Below are entries with pictures in them. Output exactly the lines starting at the line with "bla...segueix la carta)" and ending at the line with "秋の固体二枚スーツラペル V ネックセクシーなブラウス", both included, but not the pictures.

### Data for the task
--- START ---
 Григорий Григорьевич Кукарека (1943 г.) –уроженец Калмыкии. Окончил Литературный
--- END ---
--- START ---
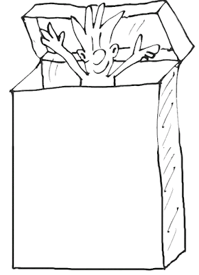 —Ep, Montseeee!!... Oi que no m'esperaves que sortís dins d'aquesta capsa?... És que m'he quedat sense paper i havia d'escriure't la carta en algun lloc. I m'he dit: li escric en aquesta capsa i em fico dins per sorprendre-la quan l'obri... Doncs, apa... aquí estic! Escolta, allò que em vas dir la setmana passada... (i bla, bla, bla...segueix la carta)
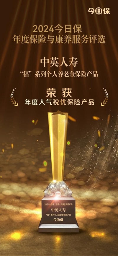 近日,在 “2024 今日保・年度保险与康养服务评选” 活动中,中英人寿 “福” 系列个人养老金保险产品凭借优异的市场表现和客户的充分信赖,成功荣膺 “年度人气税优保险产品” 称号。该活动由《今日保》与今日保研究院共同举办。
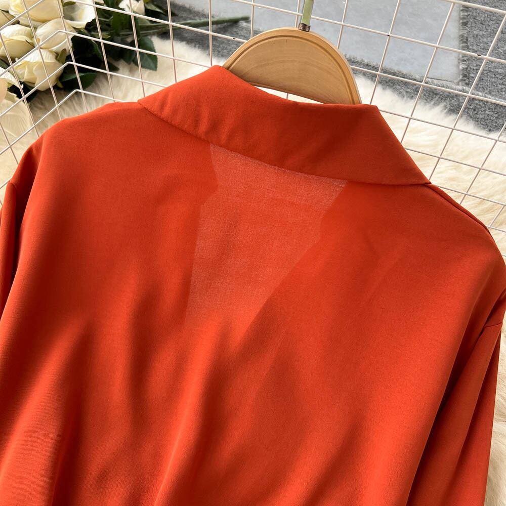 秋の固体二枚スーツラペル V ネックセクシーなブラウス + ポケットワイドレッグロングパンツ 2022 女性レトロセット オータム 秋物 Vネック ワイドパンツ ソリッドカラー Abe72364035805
--- END ---
--- START ---
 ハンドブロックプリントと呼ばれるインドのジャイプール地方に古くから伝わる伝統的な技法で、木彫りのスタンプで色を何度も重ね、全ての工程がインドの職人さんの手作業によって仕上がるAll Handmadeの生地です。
--- END ---
### Exercise response
 —Ep, Montseeee!!... Oi que no m'esperaves que sortís dins d'aquesta capsa?... És que m'he quedat sense paper i havia d'escriure't la carta en algun lloc. I m'he dit: li escric en aquesta capsa i em fico dins per sorprendre-la quan l'obri... Doncs, apa... aquí estic! Escolta, allò que em vas dir la setmana passada... (i bla, bla, bla...segueix la carta)
 近日,在 “2024 今日保・年度保险与康养服务评选” 活动中,中英人寿 “福” 系列个人养老金保险产品凭借优异的市场表现和客户的充分信赖,成功荣膺 “年度人气税优保险产品” 称号。该活动由《今日保》与今日保研究院共同举办。
 秋の固体二枚スーツラペル V ネックセクシーなブラウス + ポケットワイドレッグロングパンツ 2022 女性レトロセット オータム 秋物 Vネック ワイドパンツ ソリッドカラー Abe72364035805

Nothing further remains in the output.